Dataset excerpt below:
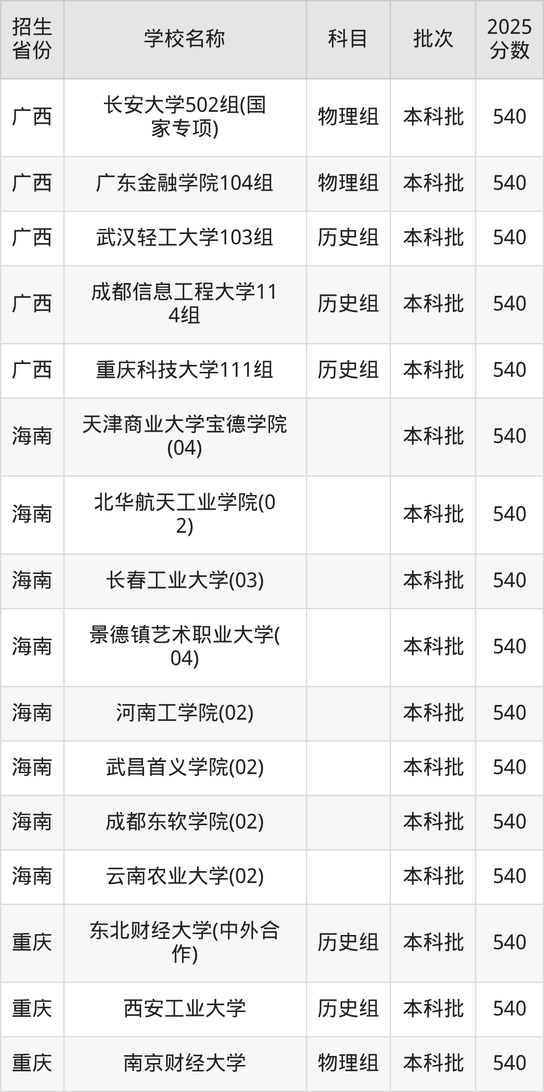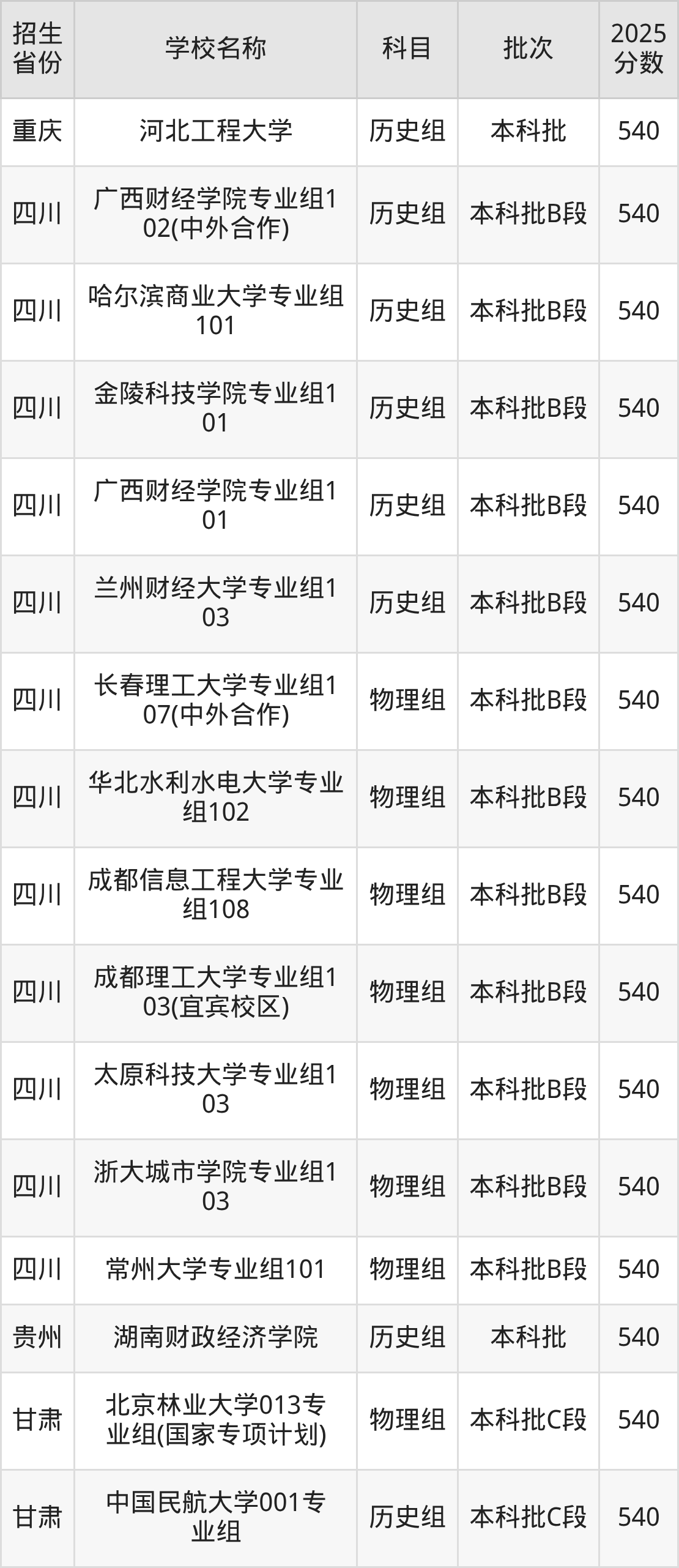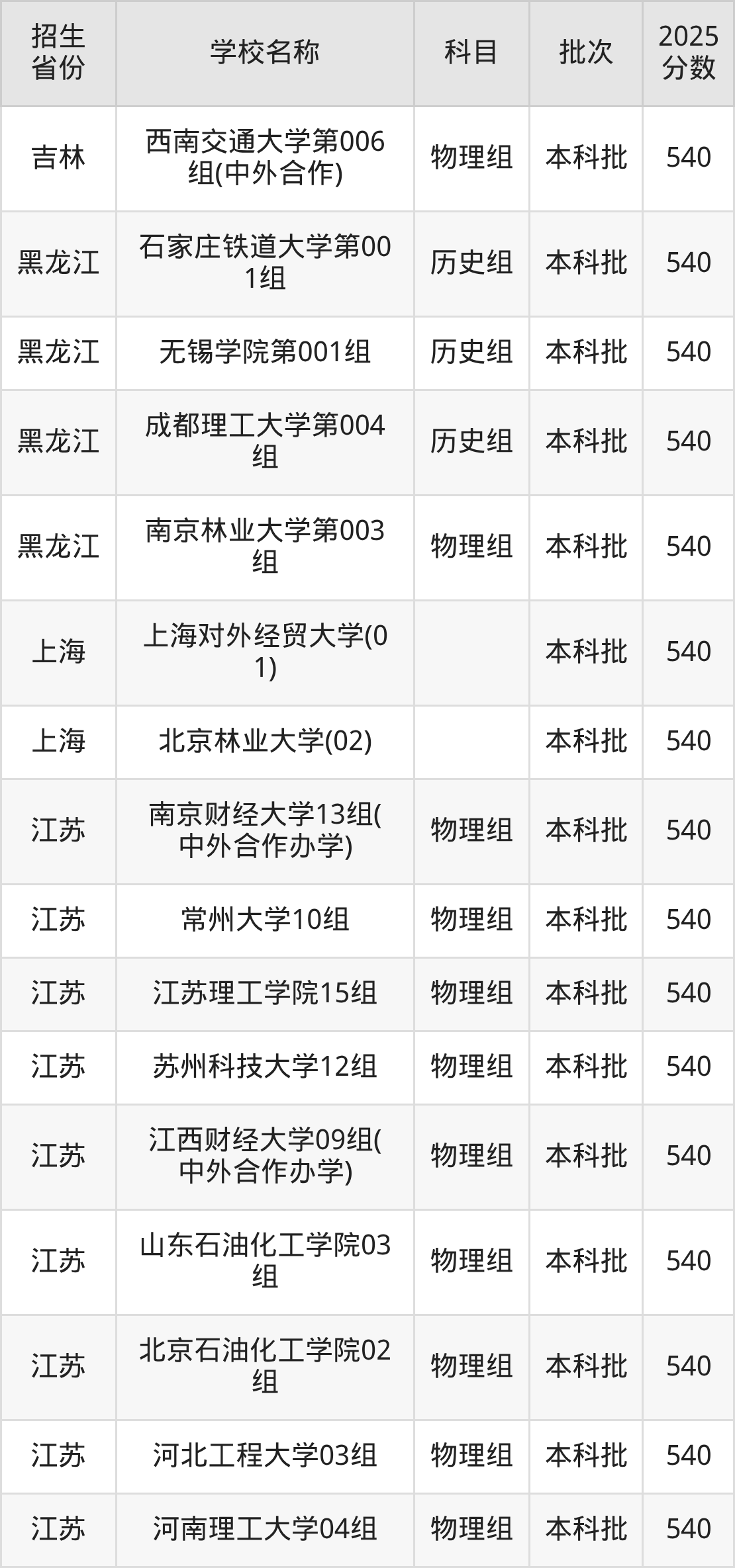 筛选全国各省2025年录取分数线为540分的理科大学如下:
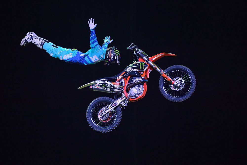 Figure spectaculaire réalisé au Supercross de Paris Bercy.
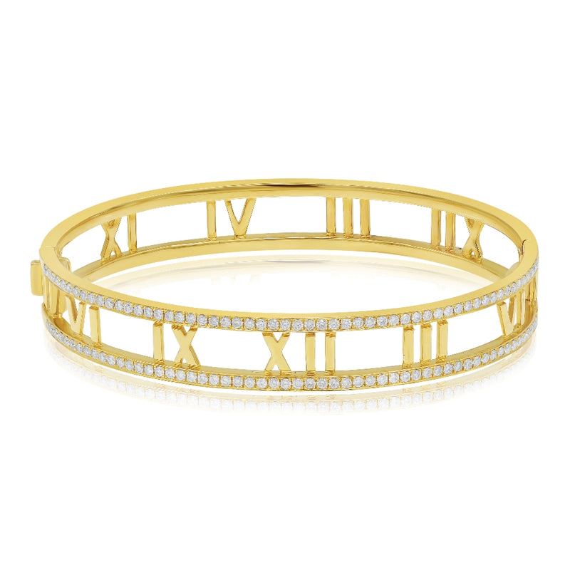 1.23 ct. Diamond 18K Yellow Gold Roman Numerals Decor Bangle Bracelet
End of Dataset excerpt.
■ Task goal ■
Exactly the lines from the one containing "Figure spectaculaire réalisé" through the last line of the data above should be output, both ends included, with every picture left out.

■ Answer box ■
 Figure spectaculaire réalisé au Supercross de Paris Bercy.
 1.23 ct. Diamond 18K Yellow Gold Roman Numerals Decor Bangle Bracelet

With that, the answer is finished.